Employers must meet AE duties amid contribution holiday speculation

James Phillips reports...

The government has said it will “do whatever it takes” to support businesses through the Covid-19 coronavirus crisis, leading to speculation that there could be a short-term change in auto-enrolment (AE) policy.

As businesses grapple with the economic shock caused by the global pandemic, the Treasury has already set out plans to provide additional financial support to some affected firms, including suspending business rates and introducing a loan guarantee scheme.

Now, there have been reports that the government was considering allowing businesses to suspend minimum employer contributions under AE to relieve pressure on payroll.

In a statement to RP’s sister publication Professional Pensions, a cross-government spokesperson said: “The government will do whatever it takes to protect businesses and employers from the effects of coronavirus.

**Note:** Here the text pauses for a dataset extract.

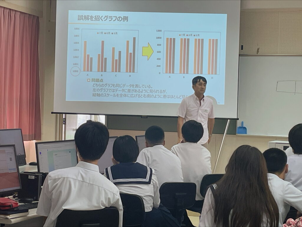 八重山地域のような離島地域においては、データ活用や情報技術に関する学修機会が限られる場合もあります。今回の出前授業を通じて、生徒がデータサイエンスに対する理解を深めるとともに、「情報Ⅰ」で学ぶ内容を地域や社会の課題と結び付けて捉える視点を養うことを目的として実施しました。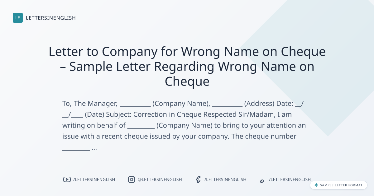 Sample Letter Regarding Wrong Name on Cheque

“We recognise the difficulties they face and will help support businesses of all sizes – so they can continue operating during these unprecedented times.”

Similarly, The Pensions Regulator (TPR) said it expected all firms to conform to their pension obligations.

“We expect employers to continue to meet their AE duties towards their staff,” a spokesperson said. “We are closely monitoring the situation in these challenging times and will act in line with government guidelines.

“The government has published information about support for employers, employees, and businesses affected by Covid-19.”

The government is expected to publish a bill this afternoon (19 March) setting out some of its initial responses to the crisis, including measures announced by the chancellor this week.

Another pensions measure that could support businesses include allowing a reduction or deferral in deficit recovery contributions to defined benefit schemes. However, there is currently no suggestion this is under active consideration.

Yesterday, Universities Superannuation Scheme reported itself to TPR after breaching a key funding measure for five consecutive days after market volatility led to a fall in its funding level.